Consider a Hamiltonian $H$ on a Hilbert space $\mathcal H_A \oplus\mathcal H_B$ and let $P$ (and $Q$) denote the projection operator onto $A$ (and $B$). There are two common definitions of an effective Hamiltonian $H_\textrm{eff}(E)$ on subspace $A$:
- The Schroedinger equation can be written as $$ \left( \begin{array}{cc} PHP & PHQ\\ QHP & QHQ \end{array} \right) \left( \begin{array}{c} \psi_A \\ \psi_B\end{array} \right) = E \left( \begin{array}{c} \psi_A \\ \psi_B\end{array} \right)$$ One can straightforwardly eliminate $\psi_B$ to obtain $$ H_\textrm{eff}(E) |\psi_A\rangle = E |\psi_A\rangle \qquad \textrm{with } \; \boxed{H_\textrm{eff}(E) := P \left( H + H Q \frac{1}{E-QHQ} Q H \right) P}$$
- In the Green's function/resolvent approach, one simply defines $$ \boxed{\frac{1}{E-H_\textrm{eff}(E)} := P \frac{1}{E-H} P }$$ (The motivation for this has to do with the fact that the left-hand side has the same poles as the right-hand side would have even without the $P$ projectors, hence $H_\textrm{eff}(E)$ has the same eigenvalues as $H$ for eigenvectors which have a non-zero support on $A$.)

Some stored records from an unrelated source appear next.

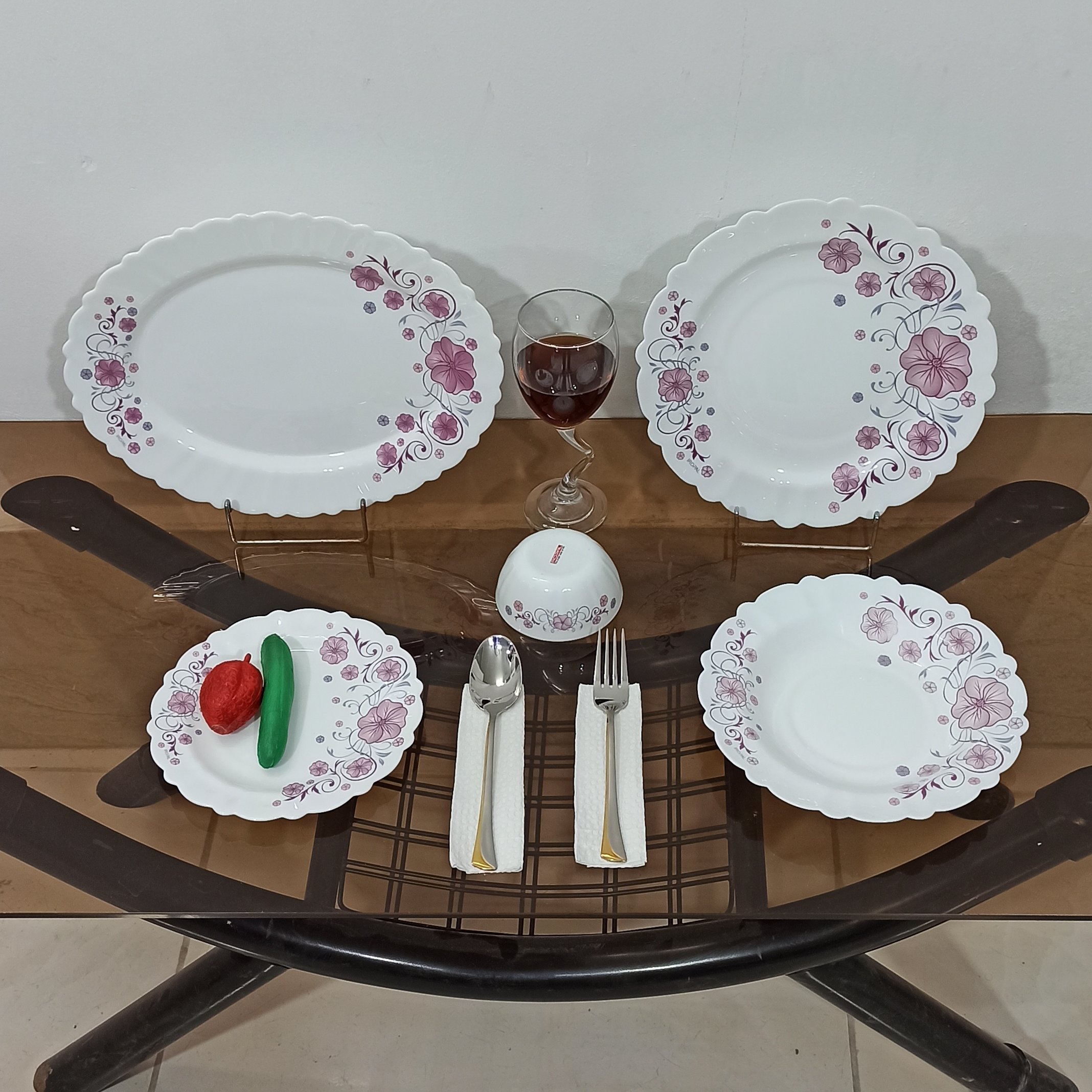 سرویس های غذاخوری آرکوپال 25 پارچه برند iropal در طرح ها و نقش های بسیار زیبا و قالبی جذاب با کیفیت رنگ بسیار عالی و ثابت توسط کارخانه ی مقصود تولید و روانه ی بازار گردیده این ظروف در ابعادی مناسب و کیفیت قابل رقابت با آرکوپال فرانسه و اسپانیا تولید شده همه ی اقلام این ظروف قابلیت قرارگیری در ماشین ظرفشویی و مایکروفر را دارا می باشند و این قابلیت که در پشت ظروف نیز حک شده بیانگر مقاومت بالای آن در مقابل شوک حرارتی و همچنین ثابت ماندن رنگ آن تحت شرایط پر فشار ماشین ظرفشویی می باشد این سرویس شامل : 6 عدد بشقاب برنج خوری 6 عدد بشقاب خورش خوری 6 عدد پیش دست 6 عدد پیاله ماست خوری و 1 عدد دیس بیضی شکل می باشد این ظروف در بسته بندی زیبا و مطمئنی قرار دارد که برای جابجایی های مجدد نیز می توانید از آن استفاده کنید
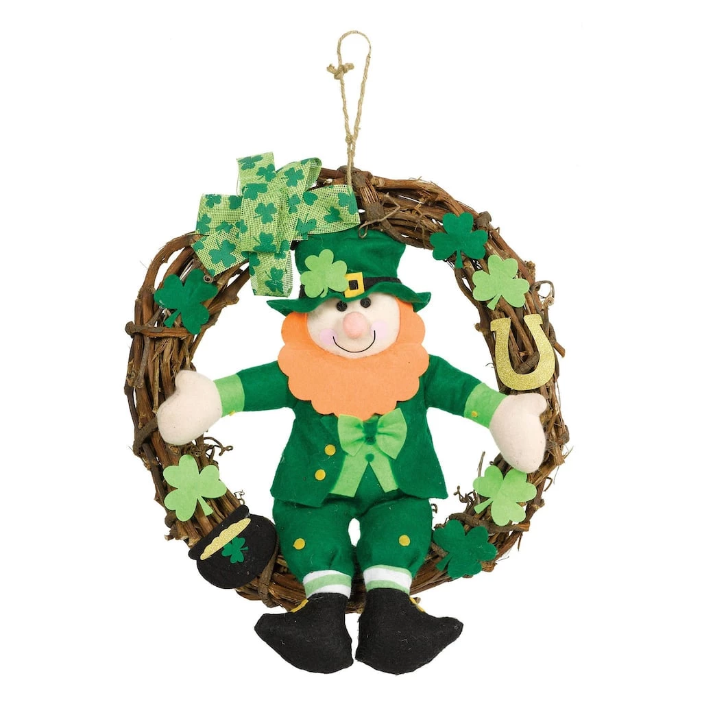 Bring the luck of the Irish to your door with this St. Patrick’s Day Grapevine Wreath. This fun and festive wreath features a smiling and waving leprechaun sitting on a wreath decorated with clovers, pots of gold, and a green ribbon. Suitable for indoor and outdoor use, this wreath will bless your home with luck and cheer.
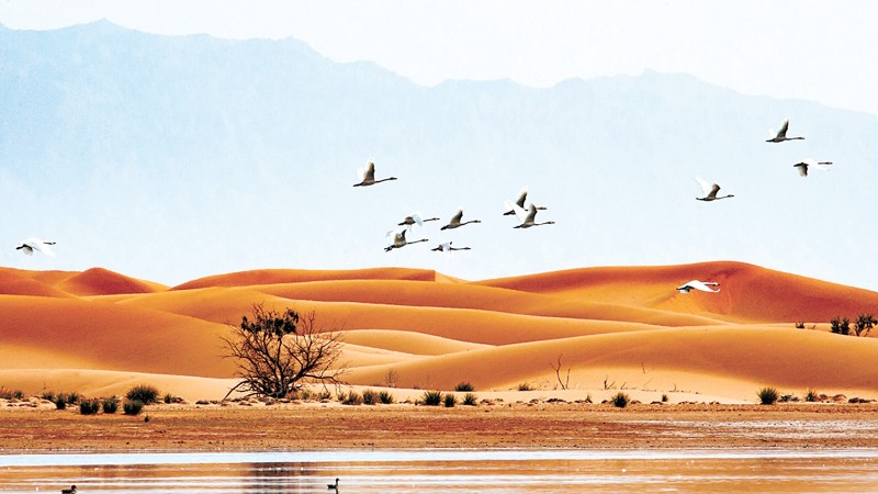 《水侵沙島》:由于環(huán)境變化,青海湖東北方向產(chǎn)生了大片流動沙丘,同時,冰川加速融化導(dǎo)致青海湖水位上升,上漲的湖水將沙島逐漸淹沒,形成這一畫面。陳建偉攝
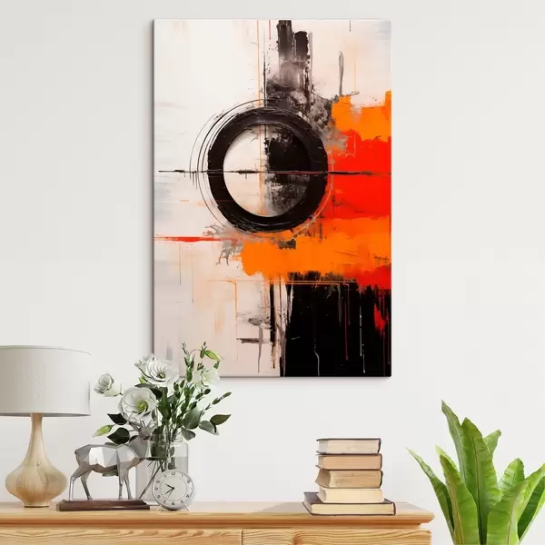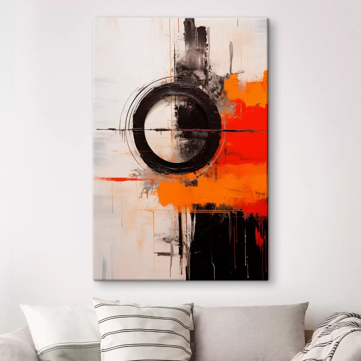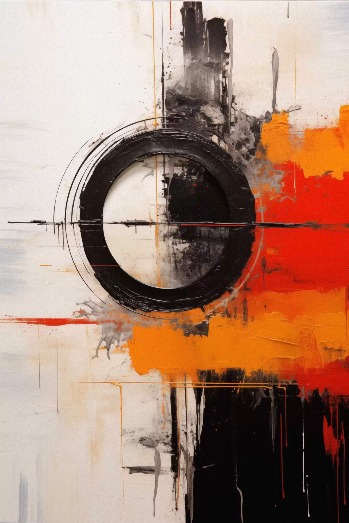 Obraz Čierny kruh na bielom pozadí, oranžové ťahy a škvrny Nr. s46549
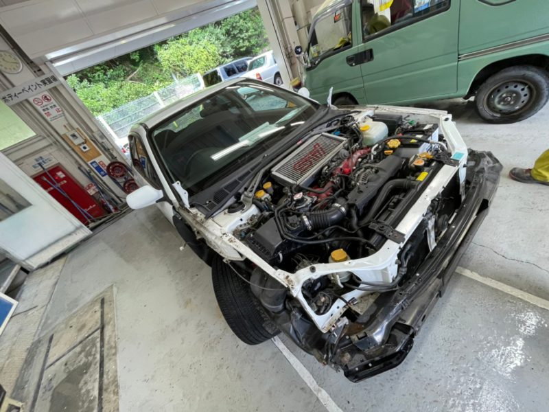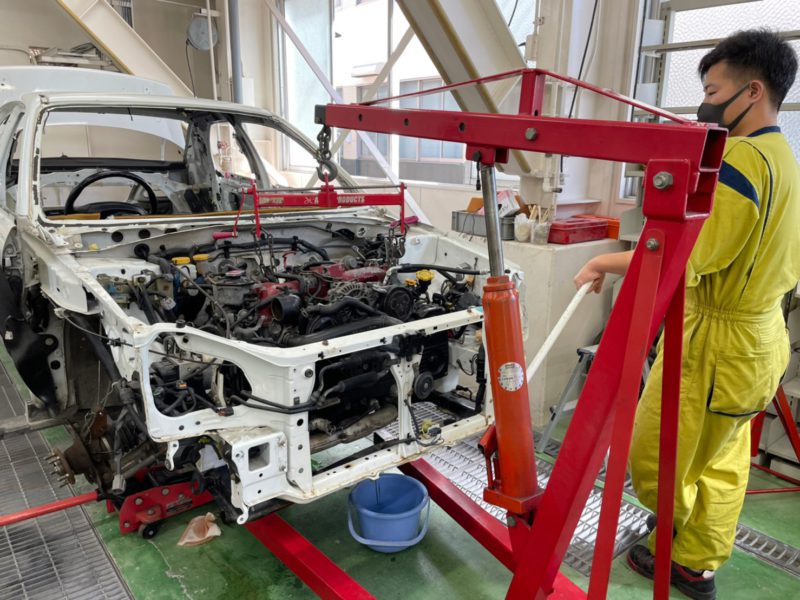 リフトがある場所に移動させてエンジンクレーンを使い、エンジンを外しています!!
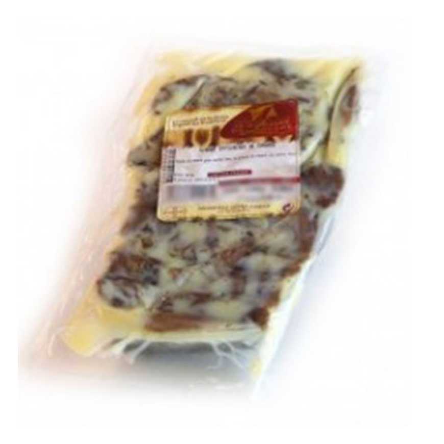 cette viande effilochée est idéal pour faire vos hachis parmentier de canard avec par exemple au fond de votre cassolette un blanc de poireaux Au Four : Réchauffée avec votre purée de pomme de terre dur le dessus Dans une casserole : au bain marie Au micro onde : N'oubliez pas de perçer la poche portion pour une personne 125 g en moyenne .sel,poivre,thym
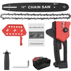 Features: 【Powerful and Efficient】: Equipped with a 1000W brushless motor, the 12-inch high-speed wireless lithium battery chainsaw delivers powerful performance for faster cutting. With a speed of 4500rpm, it effortlessly tackles various woodworking tasks, making it an excellent choice for professionals and DIY enthusiasts alike. 【Cordless Design with Long Battery Life】: Say goodbye to tangled cords and limited mobility. This battery powered chainsaw offers cordless convenience, allowing you to move freely and easily navigate around your work area. The included battery and charger provide long-lasting power, ensuring uninterrupted operation during your projects. 【Versatile and Lightweight】: Whether you're pruning branches or felling small trees, this cordless chainsaw is up for the task. Its lightweight design makes it easy to maneuver and reduces fatigue, allowing you to work comfortably for extended periods. It's perfect for both professional use in the woodworking industry and for regular home maintenance. 【Safe and User-Friendly】: Designed with user safety in mind, this electric chainsaw features multiple safety features, including a safety switch. The ergonomic handle provides a comfortable grip and reduces vibrations, minimizing the risk of accidents and ensuring a smooth cutting experience. 【Quiet Operation and Easy Maintenance】: Compared to traditional gas-powered chainsaws, this electric chainsaw cordless operates quietly, creating a peaceful working environment and reducing noise pollution. Additionally, its low-maintenance design saves you time and effort, allowing you to focus more on your projects and less on maintenance tasks. Specification: Product material: ABS + stainless steel Product size: 64 x 18 x 15cm / 25.2 x 7.09 x 5.91in Chain size: 12" Product color: Black Red Battery: 1*48V 4000mAh battery Power: 1000W Speed: 4500rpm Charging time: about 3h Usage time: about 30min Plug type: 110V US plug Packing List: 1 x Electric Chainsaw 1 x Wrench 1 x Charger 1 x Battery 1 x Manual
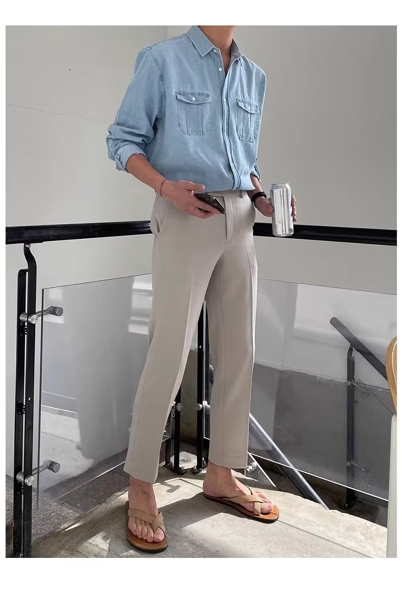 2024 년 씻은 올드 데님 셔츠 남자 봄 한국식 루즈 하이 엔드 긴팔 작품 셔츠 올매치
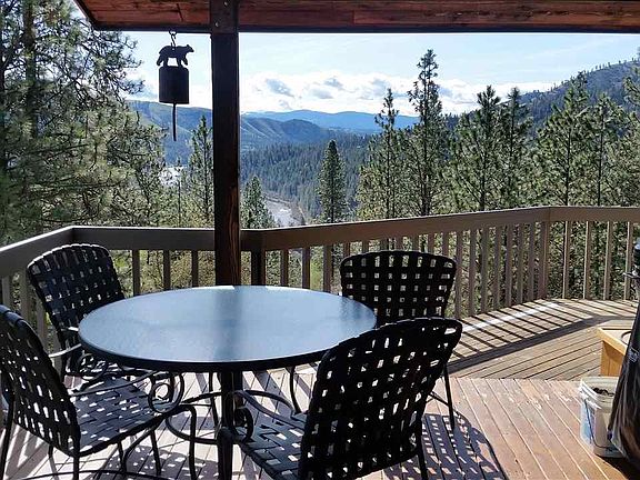 One of a kind! Privacy, view of the river, close to town, acreage, fenced for animals and a fenced garden area with cherries, nectarines and pear, walkout bsmt.,custom cabinets with pullouts, 3 bdrms, 2 1/2 baths, open living room with wood stove, kitchen and dining area with a full wall of windows looking down at the Clearwater River. Walk out basement has 2 bdrms/1bath and an additional family room. Covered deck on the east side, uncovered deck to the south, same river view! Off of the kitchen a large walk in pantry and a laundry room with deep sink, closet and an additional pantry. Lots of storage! Two car garage, large parking area. Beautiful pines contribute to the setting.
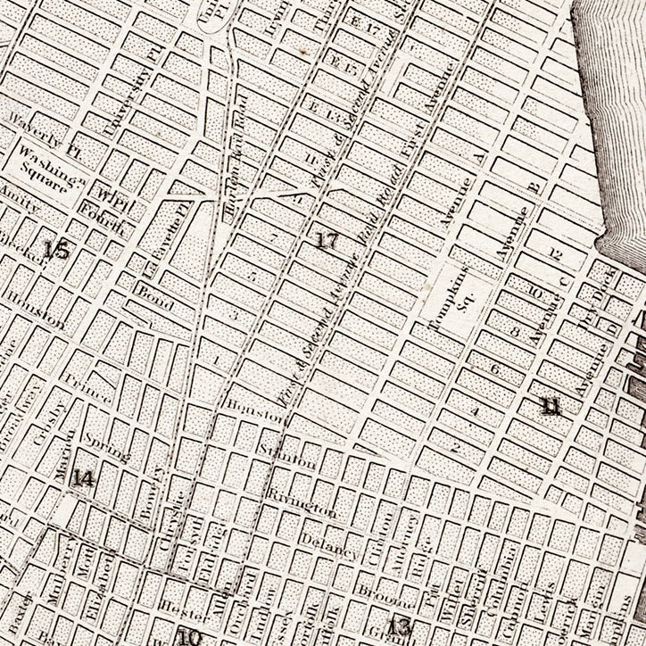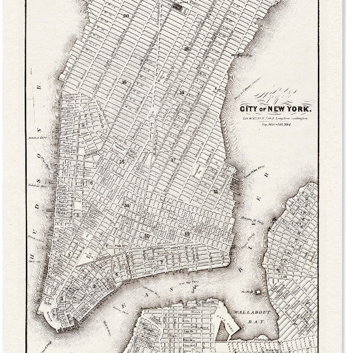 Travel back in time with this vintage map of New York City. Featuring a detailed black and white reproduction of the streets of New York, this map is a must-have for any history lover or NYC enthusiast.

My question is simply: how can I see whether these two definitions are equivalent?
(Note that this is not a duplicate! A very similar question was asked before, but there the answer that was accepted in fact did not answer the exact question that I am asking. There is also another question which has to do with deriving the effective Hamiltonian, which is not what I am asking here.)